Two leading hotel operators are set to compete harder to affiliate with hotel owners who want a competitive brand without costly property-upgrade requirements.
DoubleTree by Hilton, part of Hilton Worldwide Holdings Inc., has been one of the fastest-expanding hotel bands.
Lodging industry data source STR Inc. reported that DoubleTree’s room count has doubled to almost 108,000 since 2007.
DoubleTree has expanded almost exclusively by getting hotel owners to adopt its brand and drop such flags as Marriot and Sheraton.
Compared to other hotel brands, DoubleTree touts lower costs and more flexibility with respect to property upgrades to remain in the brand system.

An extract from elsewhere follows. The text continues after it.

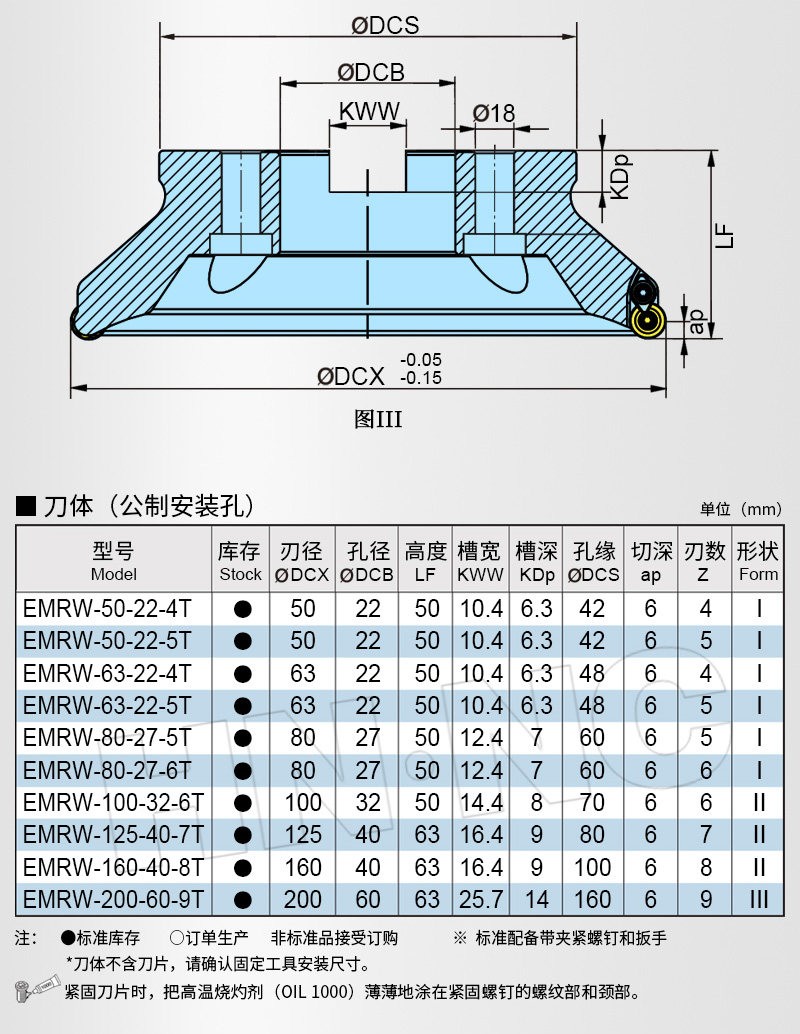 EMRW-R6 圆鼻快进给平面铣刀盘

But now Marriot International Inc. is preparing to compete harder in the hotel brand-conversion market through a Canadian acquisition.
Marriott paid $135 million in April to acquire a Delta Hotels and Resorts, which has 37 hotels in Canada, and is positioning Delta as a conversion brand in the United States.
Last month, Delta affiliated with its first U.S. property, a hotel in Orlando whose owners had planned to operate under the Crowne Plaza brand, part of InterContinental Hotels Group PLC.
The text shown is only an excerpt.